+++ The input

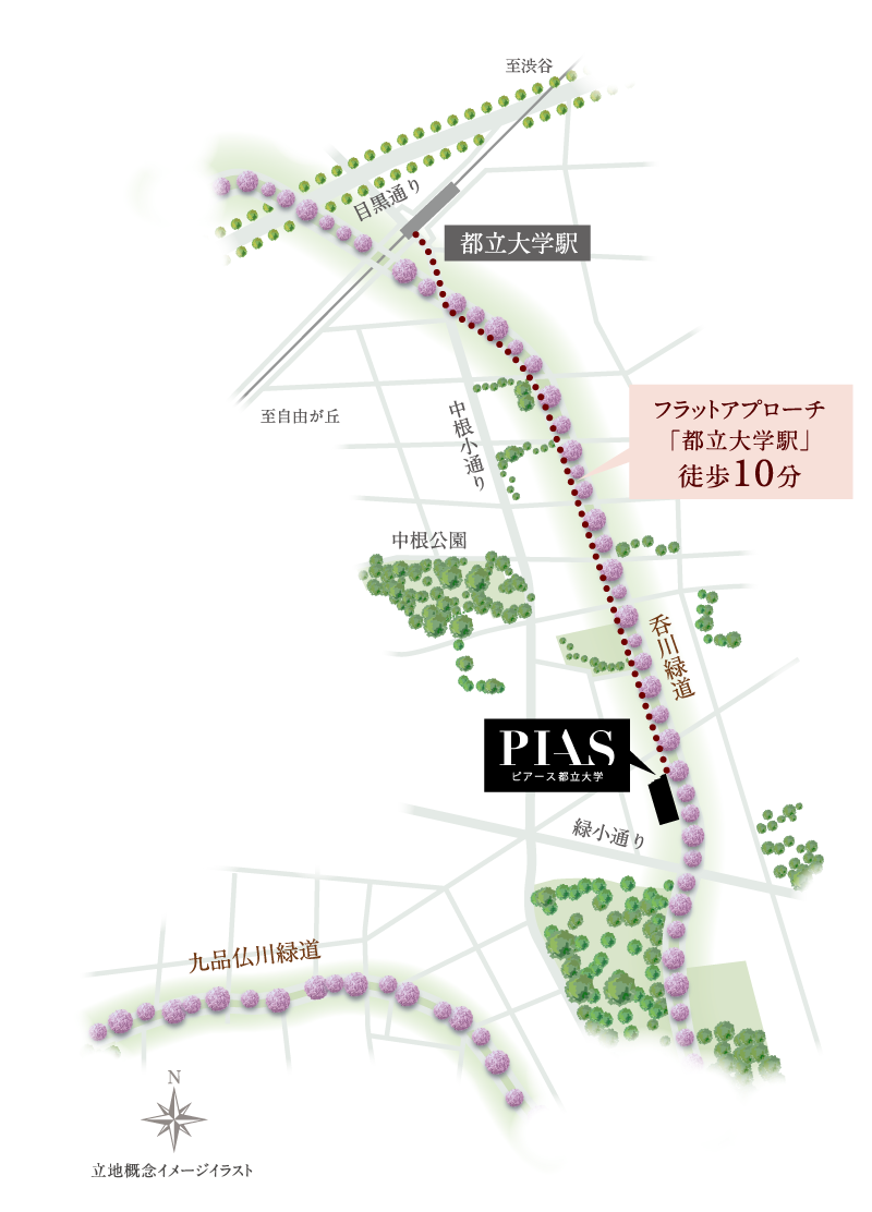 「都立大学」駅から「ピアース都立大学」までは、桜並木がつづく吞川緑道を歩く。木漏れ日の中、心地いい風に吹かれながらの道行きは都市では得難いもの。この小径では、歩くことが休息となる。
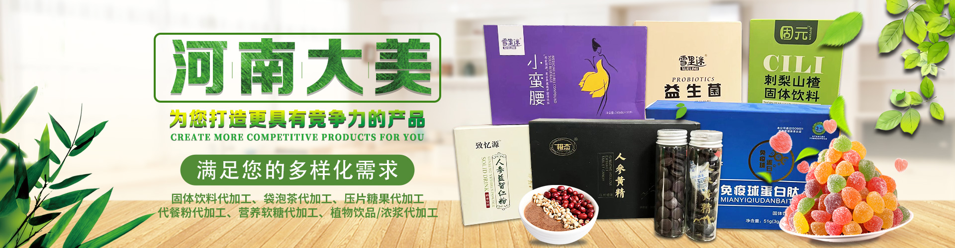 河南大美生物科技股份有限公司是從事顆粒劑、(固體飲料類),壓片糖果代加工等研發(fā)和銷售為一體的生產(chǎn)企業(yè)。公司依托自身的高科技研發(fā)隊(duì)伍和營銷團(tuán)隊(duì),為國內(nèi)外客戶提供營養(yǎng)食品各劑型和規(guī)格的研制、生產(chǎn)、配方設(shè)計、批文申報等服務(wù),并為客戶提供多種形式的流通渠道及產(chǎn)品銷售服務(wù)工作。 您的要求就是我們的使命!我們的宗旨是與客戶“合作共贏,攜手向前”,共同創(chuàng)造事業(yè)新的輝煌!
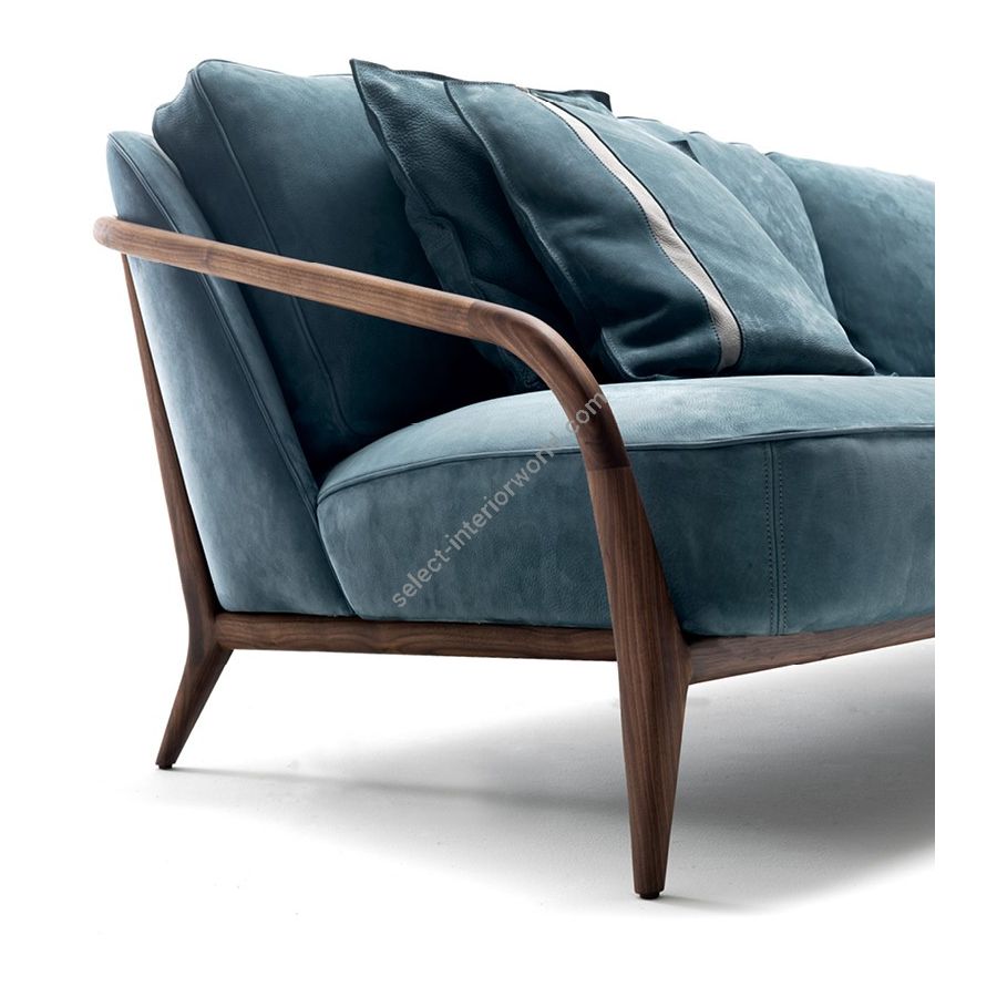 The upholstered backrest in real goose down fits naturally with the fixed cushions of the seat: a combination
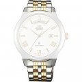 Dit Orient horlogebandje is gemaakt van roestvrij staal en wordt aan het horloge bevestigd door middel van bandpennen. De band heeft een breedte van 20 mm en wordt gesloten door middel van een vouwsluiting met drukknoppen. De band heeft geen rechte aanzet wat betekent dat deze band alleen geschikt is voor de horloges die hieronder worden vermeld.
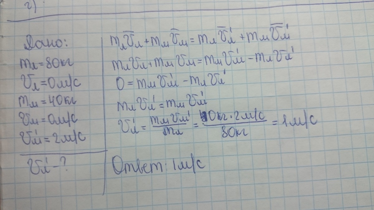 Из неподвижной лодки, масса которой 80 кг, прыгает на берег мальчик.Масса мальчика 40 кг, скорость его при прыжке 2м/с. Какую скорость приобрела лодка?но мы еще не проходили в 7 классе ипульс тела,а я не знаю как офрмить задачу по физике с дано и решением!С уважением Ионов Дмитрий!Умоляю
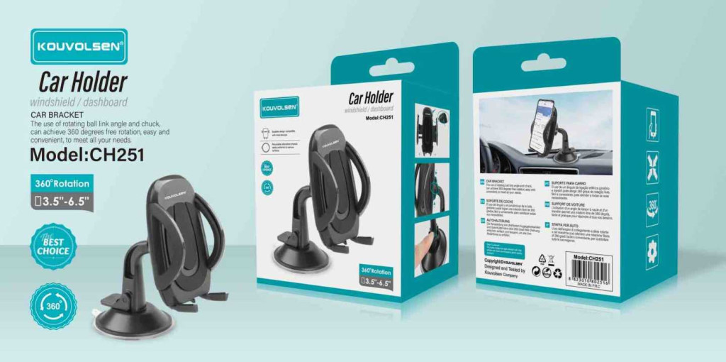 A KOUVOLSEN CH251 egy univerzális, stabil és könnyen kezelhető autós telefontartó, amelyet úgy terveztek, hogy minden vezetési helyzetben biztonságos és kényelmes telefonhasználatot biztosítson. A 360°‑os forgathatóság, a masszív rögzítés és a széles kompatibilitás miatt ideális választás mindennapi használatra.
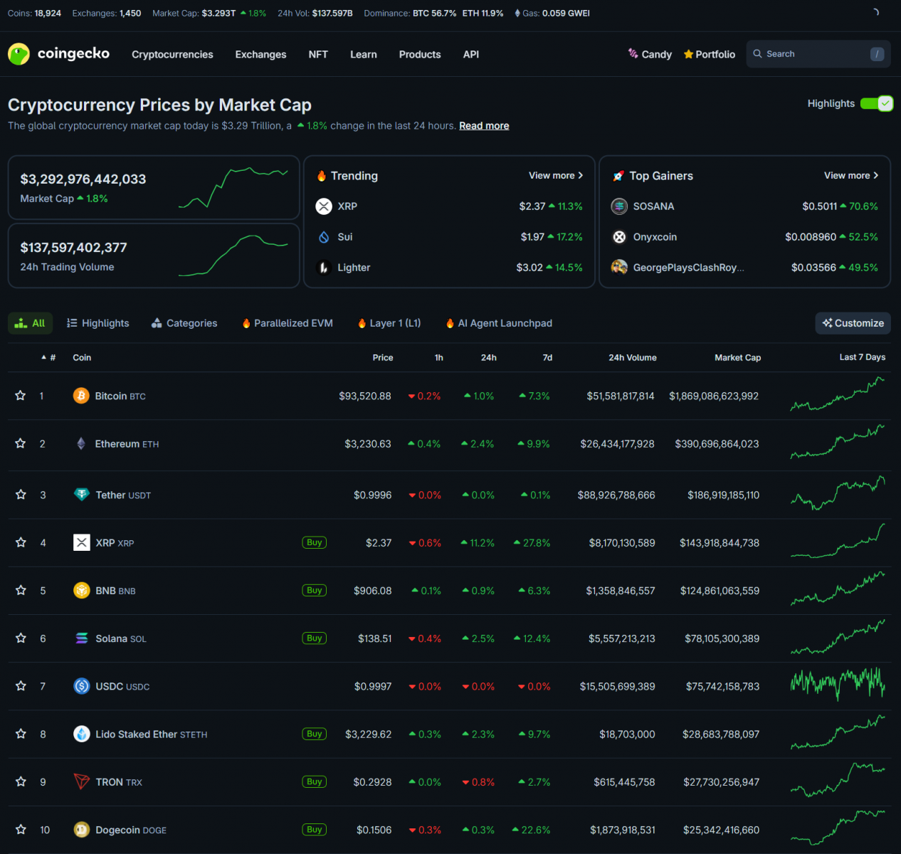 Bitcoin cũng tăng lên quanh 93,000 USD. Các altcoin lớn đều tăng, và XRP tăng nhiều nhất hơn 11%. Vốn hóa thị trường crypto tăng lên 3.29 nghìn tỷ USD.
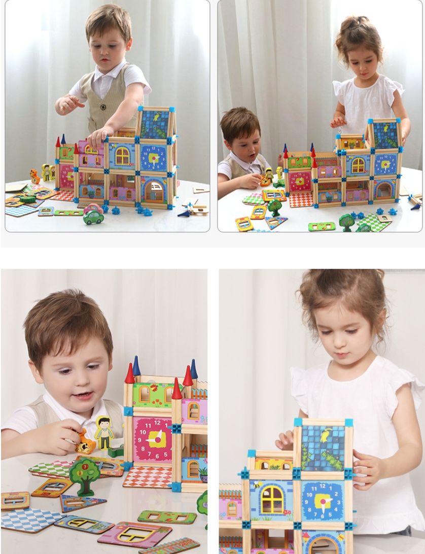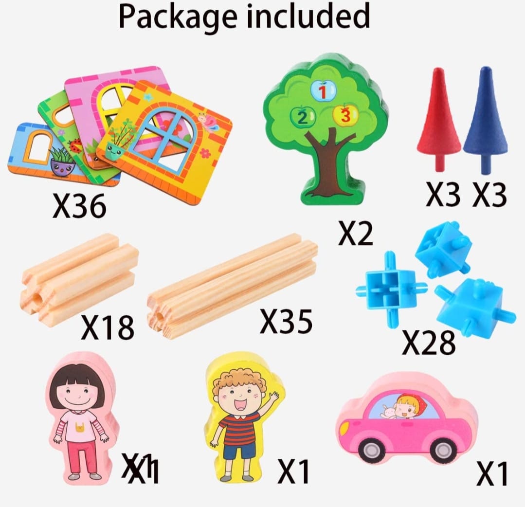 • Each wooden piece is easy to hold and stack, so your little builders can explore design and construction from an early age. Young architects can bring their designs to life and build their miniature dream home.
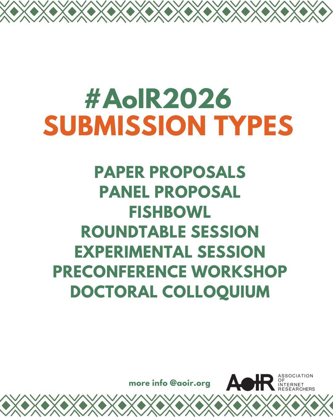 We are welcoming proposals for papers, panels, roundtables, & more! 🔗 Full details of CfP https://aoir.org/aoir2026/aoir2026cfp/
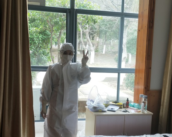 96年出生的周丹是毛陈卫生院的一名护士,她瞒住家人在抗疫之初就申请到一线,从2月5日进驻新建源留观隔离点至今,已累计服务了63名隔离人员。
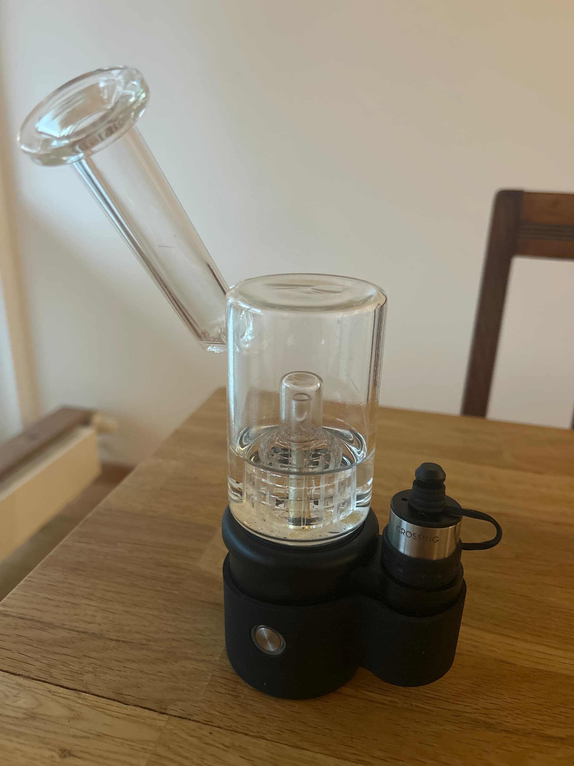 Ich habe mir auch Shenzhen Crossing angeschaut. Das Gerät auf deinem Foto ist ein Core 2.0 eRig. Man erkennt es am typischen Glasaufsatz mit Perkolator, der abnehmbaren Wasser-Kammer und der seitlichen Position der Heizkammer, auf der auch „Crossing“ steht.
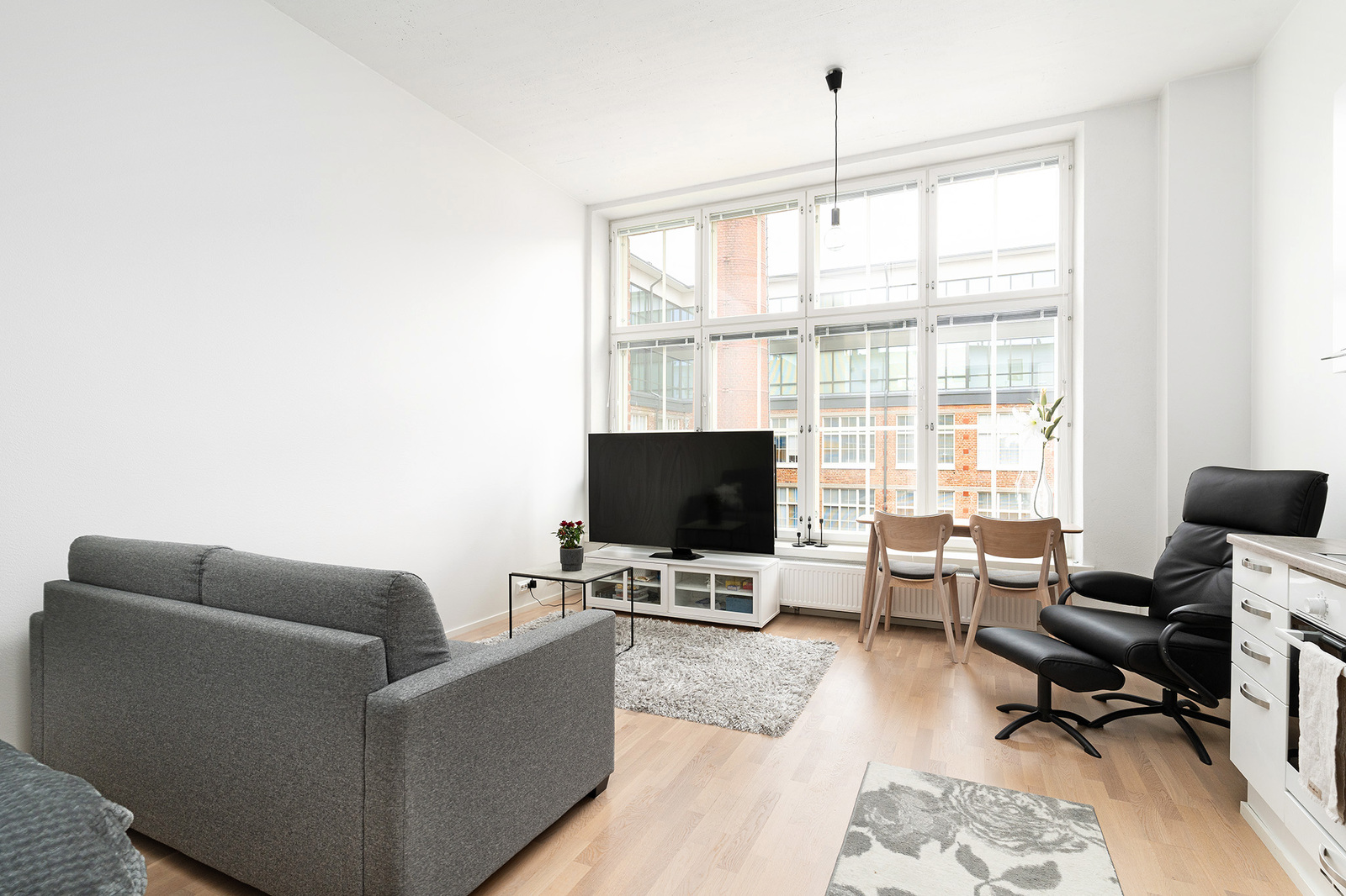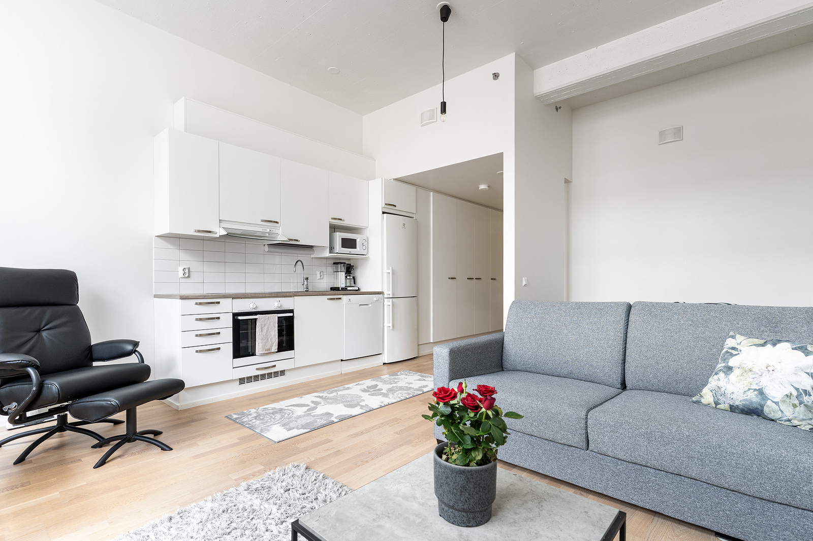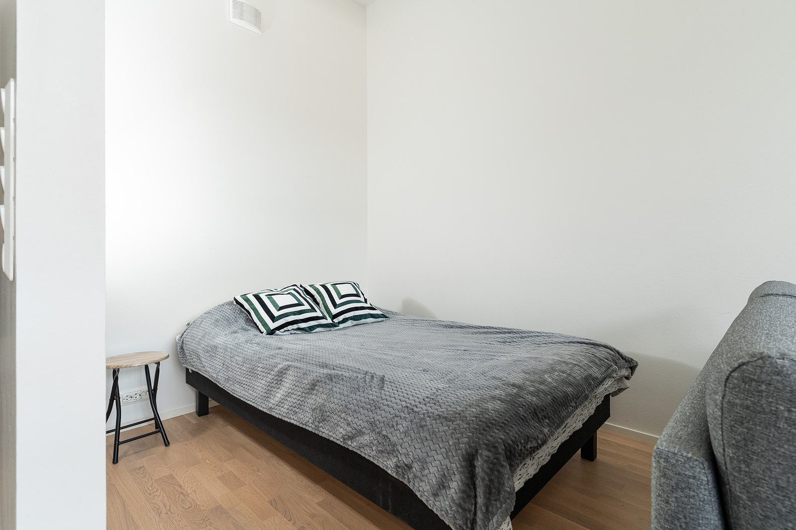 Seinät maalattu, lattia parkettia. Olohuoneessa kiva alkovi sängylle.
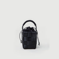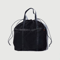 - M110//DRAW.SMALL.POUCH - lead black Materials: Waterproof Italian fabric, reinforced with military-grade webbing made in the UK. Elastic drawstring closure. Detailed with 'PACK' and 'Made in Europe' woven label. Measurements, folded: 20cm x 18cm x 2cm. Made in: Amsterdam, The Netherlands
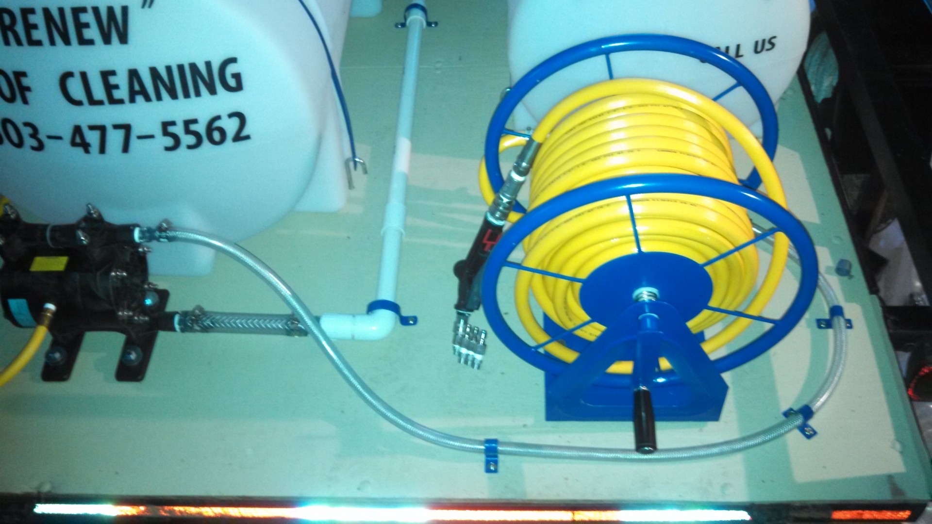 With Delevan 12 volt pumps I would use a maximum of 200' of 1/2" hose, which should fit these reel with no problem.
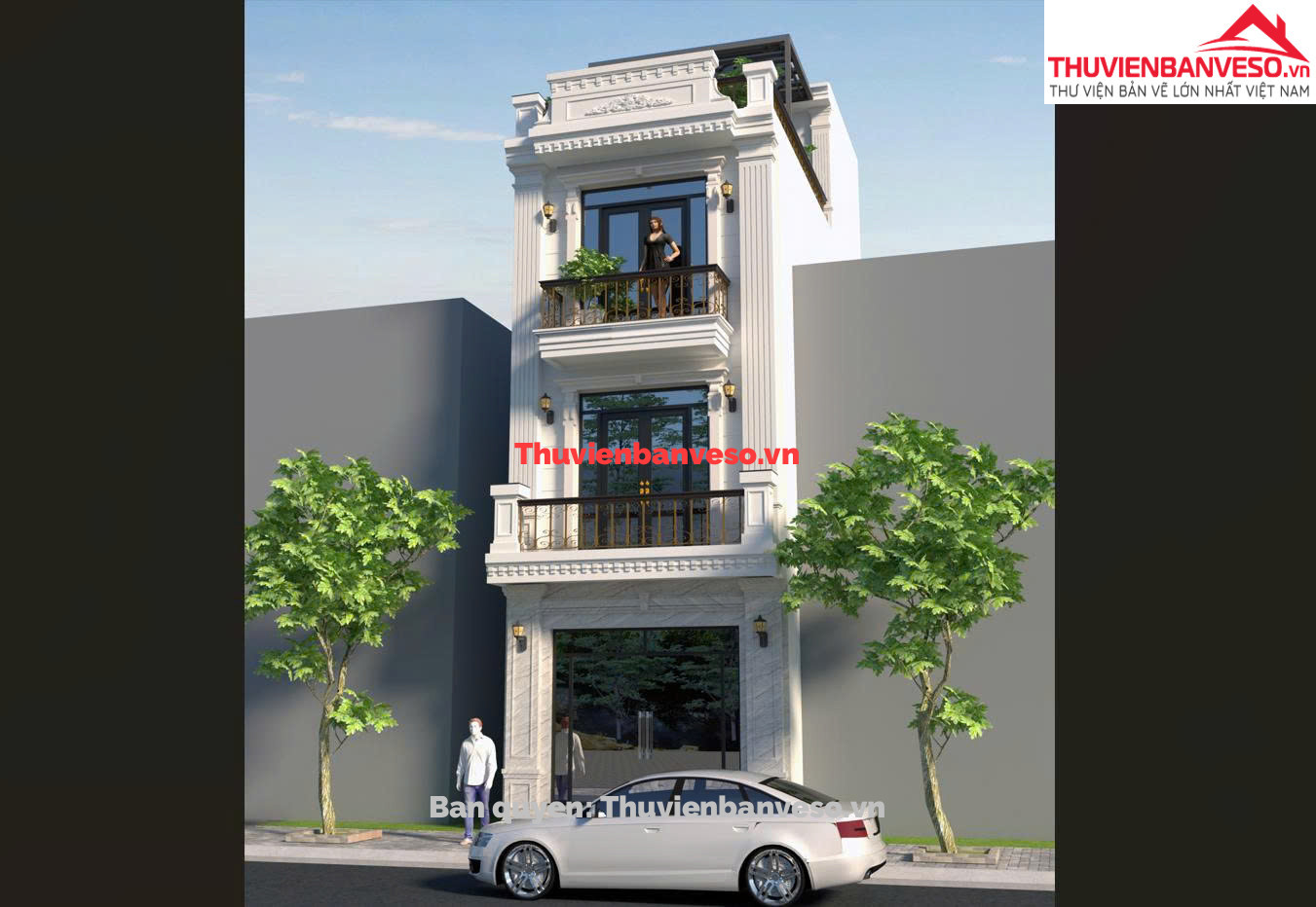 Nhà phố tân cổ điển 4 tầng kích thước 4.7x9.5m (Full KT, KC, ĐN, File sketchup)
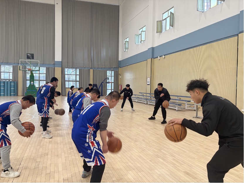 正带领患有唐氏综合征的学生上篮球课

++++++

*Exercise objective*. Repeat the line containing "With Delevan 12" and every line after it up to the end of the material above, exactly as they stand, minus the pictures.

*Task response*.
 With Delevan 12 volt pumps I would use a maximum of 200' of 1/2" hose, which should fit these reel with no problem.
 Nhà phố tân cổ điển 4 tầng kích thước 4.7x9.5m (Full KT, KC, ĐN, File sketchup)
 正带领患有唐氏综合征的学生上篮球课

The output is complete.